Sunday 5 March 2023

The "You do not need foreing keys" crowd

Can't help but notice a current trend advocating that foreing keys on database schemas are just a burden that you can do without. The last argument I read about it was along the lines of:

  • FKs are enabled on dev, testing and staging. Your automated test suites and your manual tests of your application in those environments and FKs help you catch data integrity problems.
  • Once you fix all problems, you just can deploy in production dropping all FKs, after all, you've taken care of all problems in the other environments, why you need FKs there? They just add overhead, don't they?

Ok, let's start admitting a basic truth: is strictly true that you can run your database without foreign keys. Yes, they add some performance overhead. Yes, they force you to do database operations in a certain order.

But beyond that, all these arguments are just showing lack of experience and ignorance. Let's see why.

For a start, anyone who thinks that all possible problems can be anticipated by means of testing in dev/staging environments is simply not experienced enough to have seen code bases with 100% test coverage and complete manual end user testing failing due to... unexpected reasons. Anyone that does not know that he/she "does not know what does not know" is simply lacking maturity and experience. Thinking that you can anticipate all possible error states, all possible system states is just hubris.

But that is just the beginning. Anyone who has watched a code base evolve under different hands and eyes knows that anything that is left as optional will, at some point in the development cycle, be ignored. Data integrity checks included.

And, anyone who has worked in anything more complex than a web shopping cart knows that parallelism is hard, concurrency is even harder, and locking is even harder than that, and these topics intersect between them. You just cannot easily roll your own transactional engine or your own locking mechanism. It takes a lot of work from a lot of talented people to create truly bullet proof database and transaction engines. Not saying that you cannot do it, but thinking that you will do better with your limited resources and experience in your project is really putting yourself very, very, high on the developer competence scale.

It is useful to compare these arguments with a topic that, while apparently unrelated, is an argument that has the exact same kind of flaws: strongly typed vs. loosely typed vs. untyped languages.

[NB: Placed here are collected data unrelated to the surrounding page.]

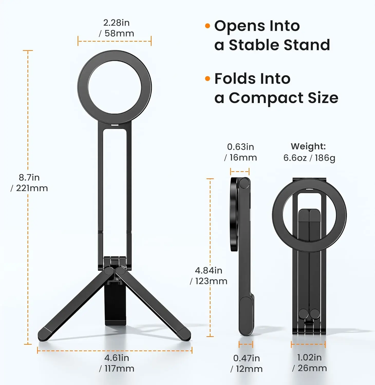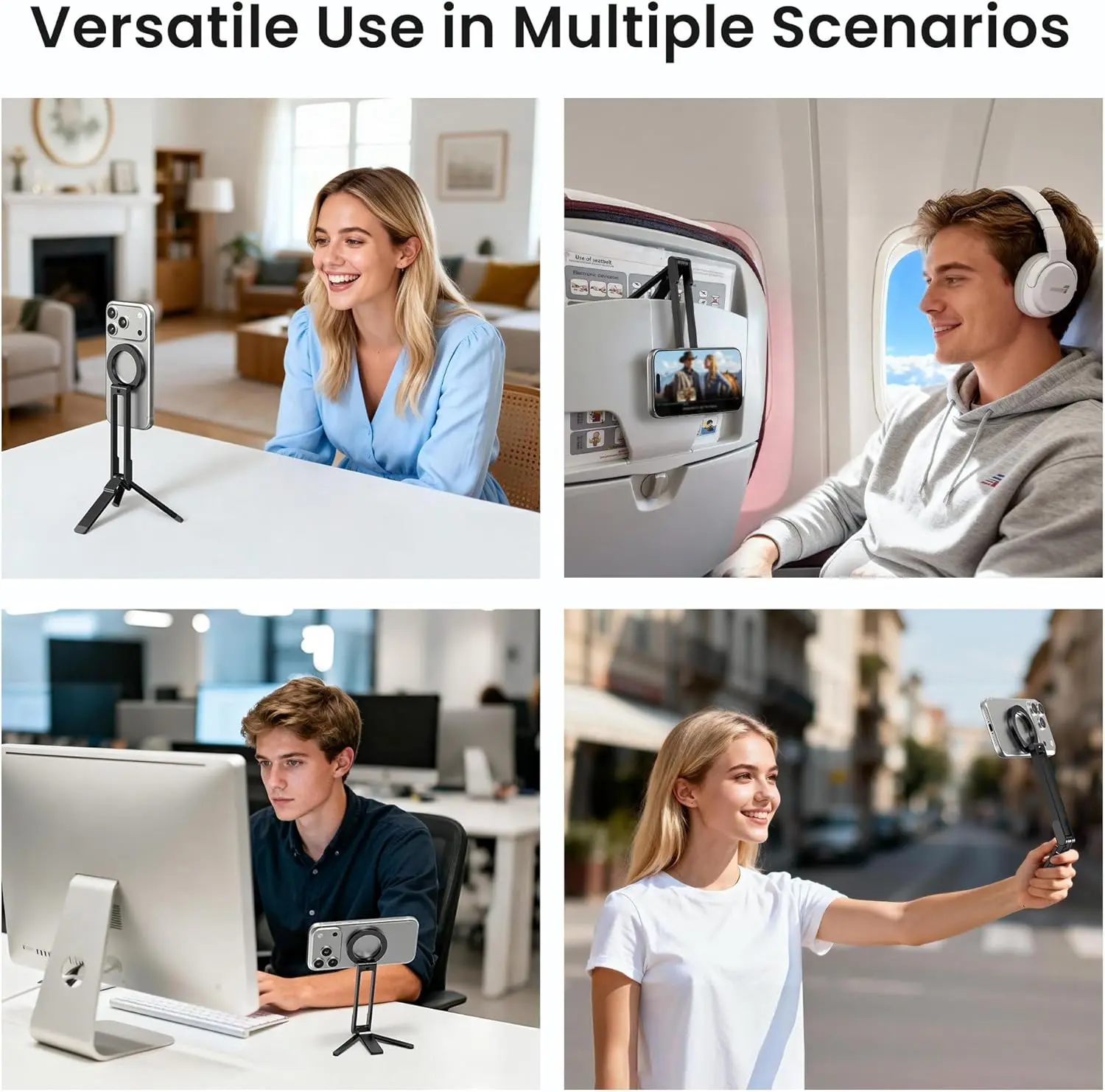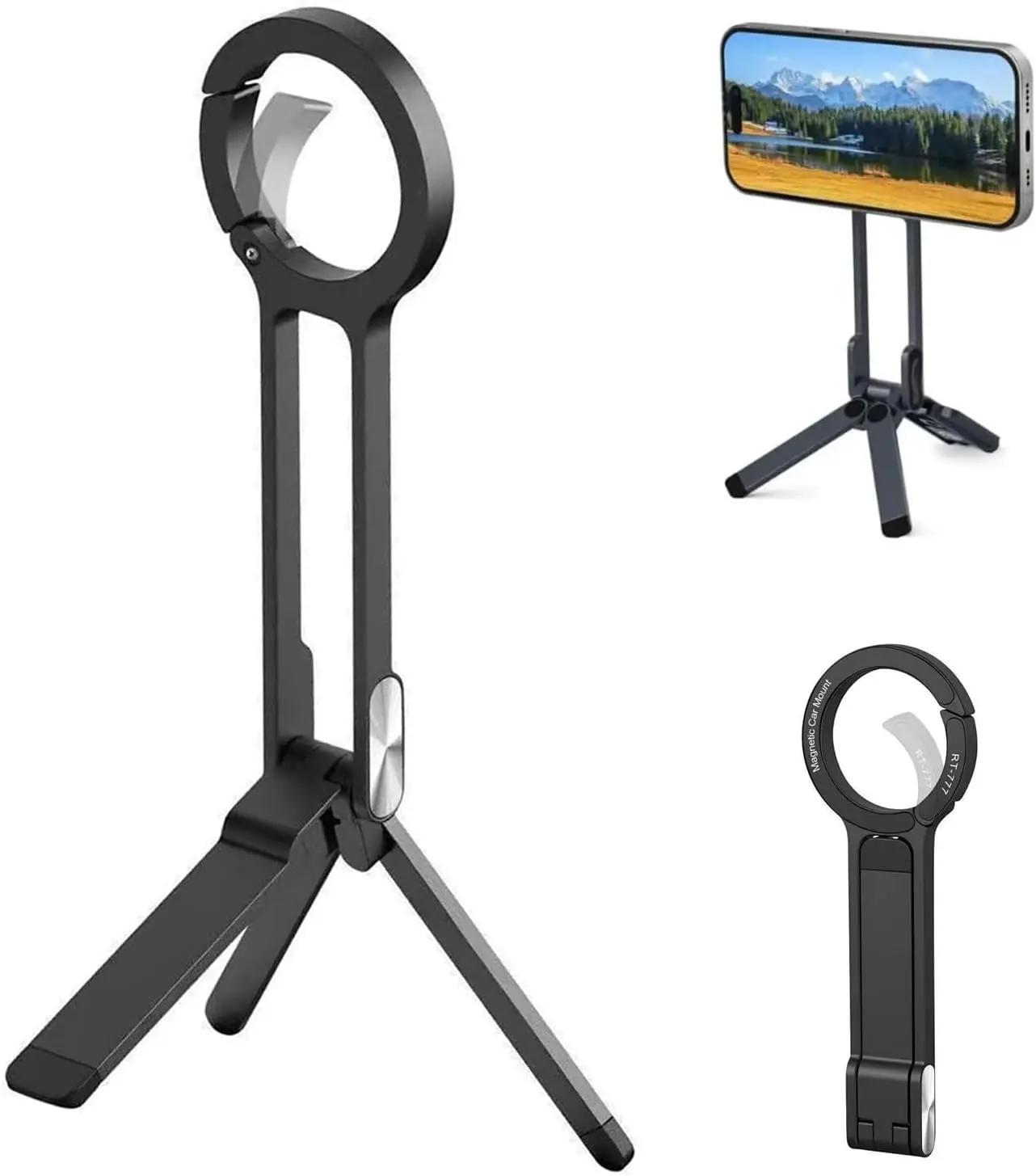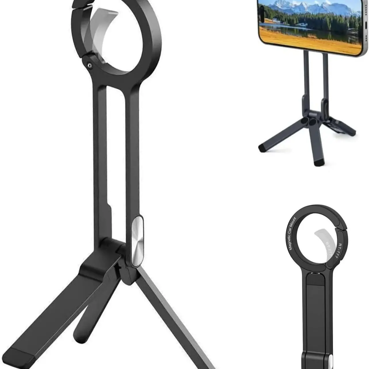 Magnetic Foldable Phone Tripod, Portable Adjustable Stand for iPhone MagSafe, Desk Travel Selfie Live Stream Holder
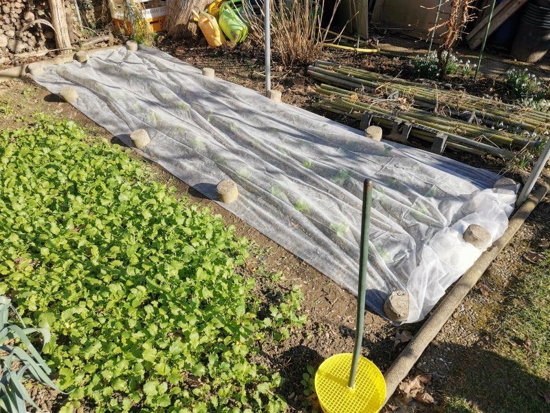 Da es noch früh im Jahr ist, mit Vlies abgedeckt.
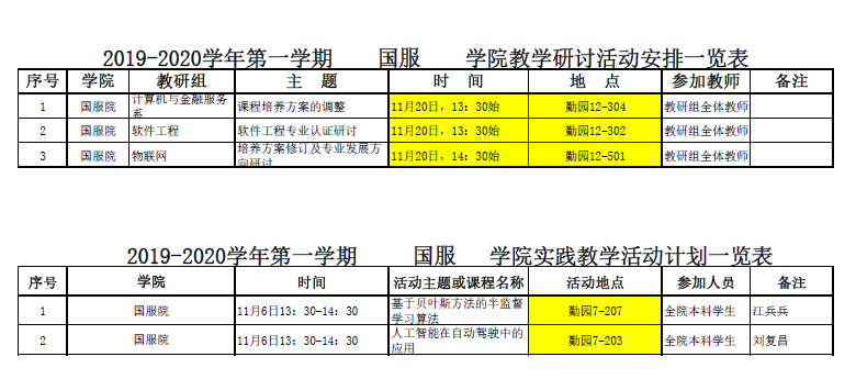 附件:杭州国际服务工程学院2019-2020-1学期教学观摩课、教学公开课、教研活动等安排表
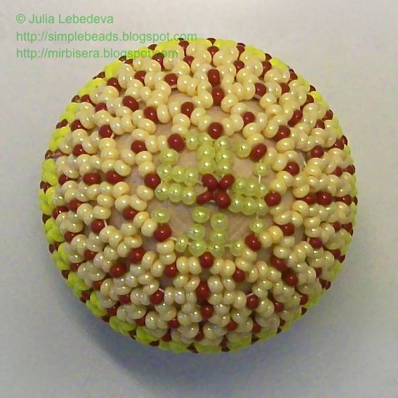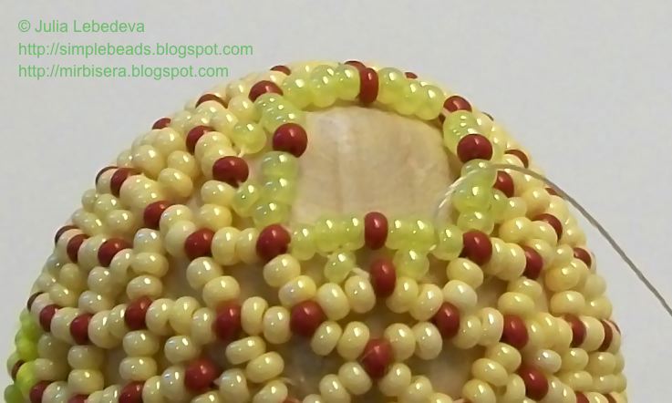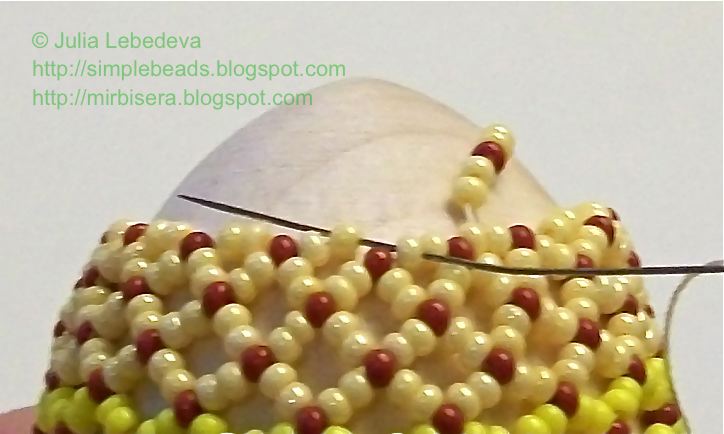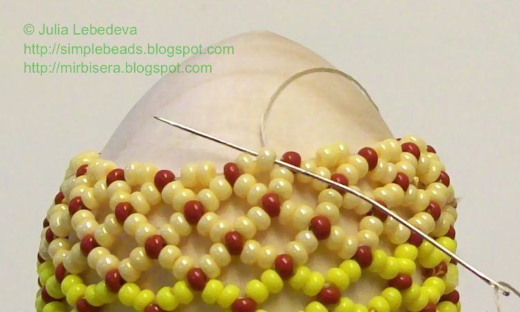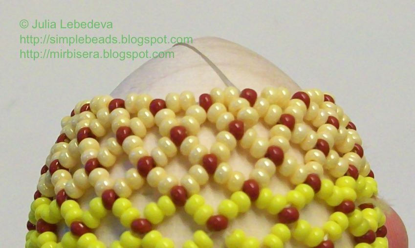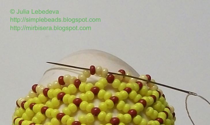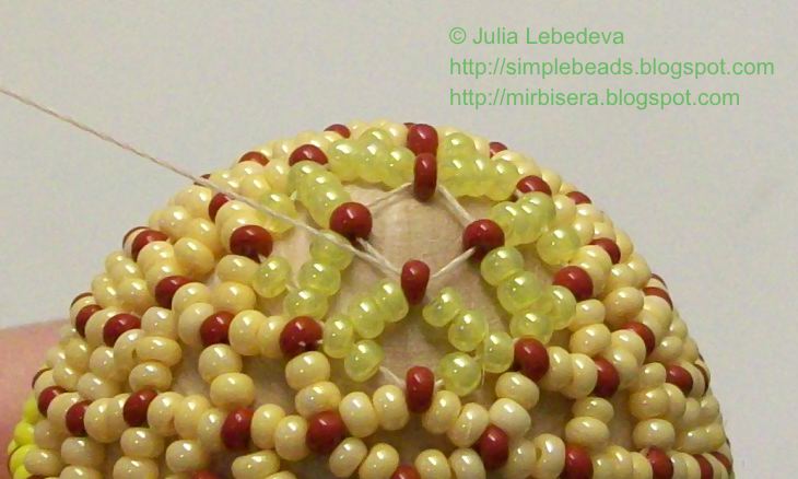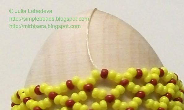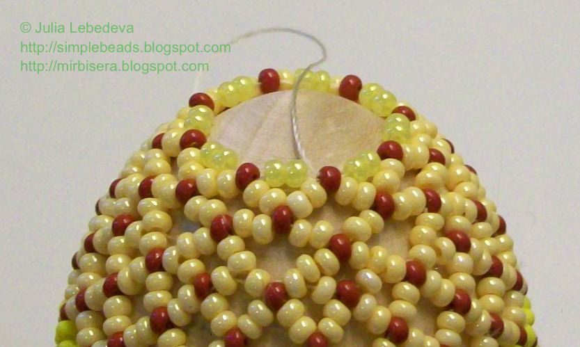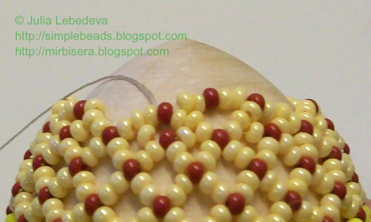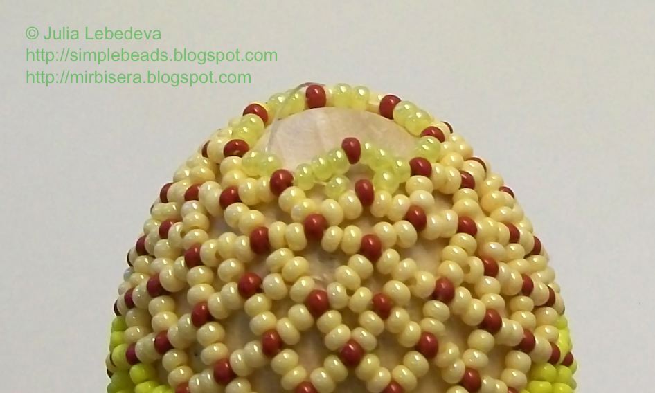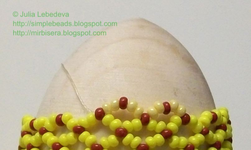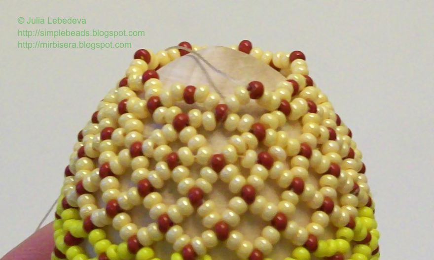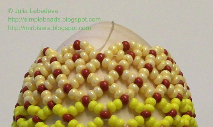 Таким образом проходим целый круг вокруг яйца. В итоге количество отрезков вокруг яйца (и, соответственно, количество коричневых бисеринок на верхнем крае) уменьшилось в два раза.
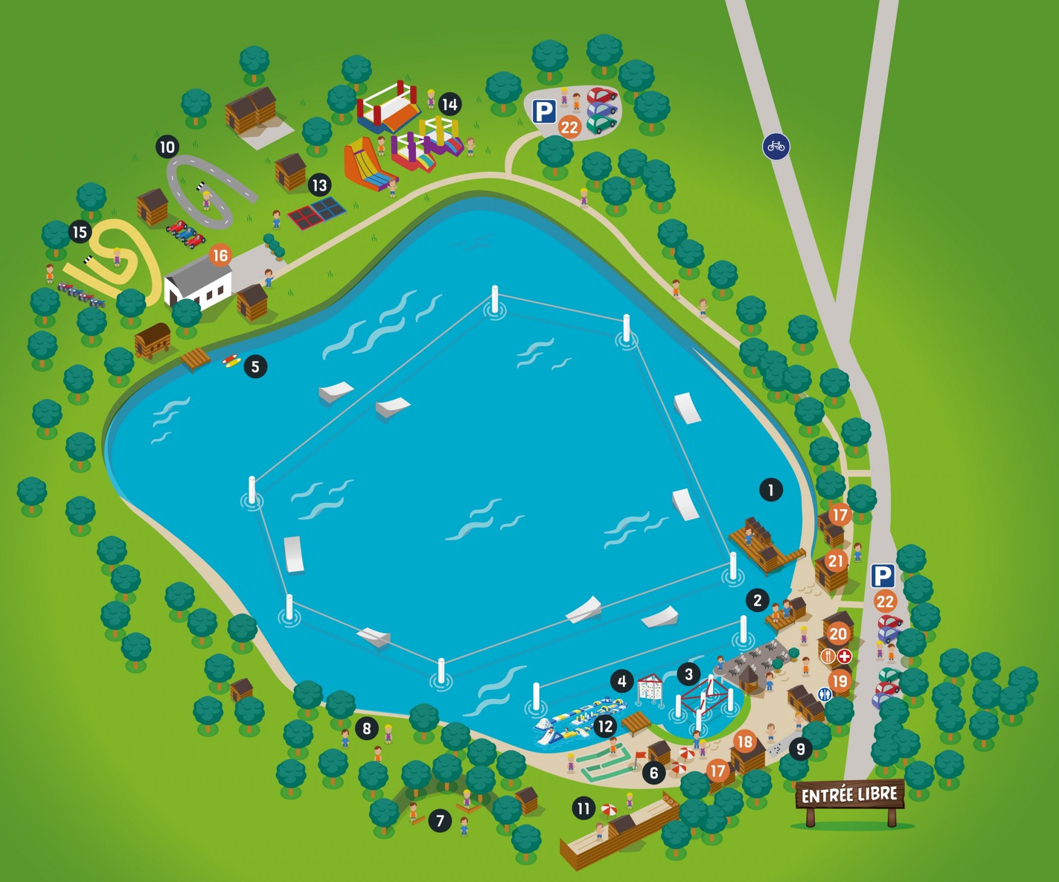 - 1h d'accro sur l'eau, tour de bouée, 30min de paddle, 1 partie de mini golf, 1h de jeux pour enfants

Yes, you can in theory create big and complex systems without using any data types. But the end result will be much more difficult to understand, harder to evolve and test, way more error prone and expensive in the long run than using a strongly typed language to do it.

Why is that? Because when using a strongly typed language, the compiler is acting a as first test bed for the validity of your assumptions about the shape of things that get passed around your code. Without that validation layer, you're simply more exposed to problems, introducing more chances of getting things wrong and forcing the reader of your code (including your future self) to deep dive into each and everything function call just to see what the callee is expecting to receive. Time consuming and error prone, to say the least.

So, data types are like foreign keys: a device that is used to make your code more robust, consistent and changeable. You can do without them, but be prepared to pay a cost much higher than having to declare types and relationships has.

In summary, "you don't need foreign keys in production" is the terraplanism of software development. It only shows how much you don't know and how little real world experience you have. Don't embarass yourself.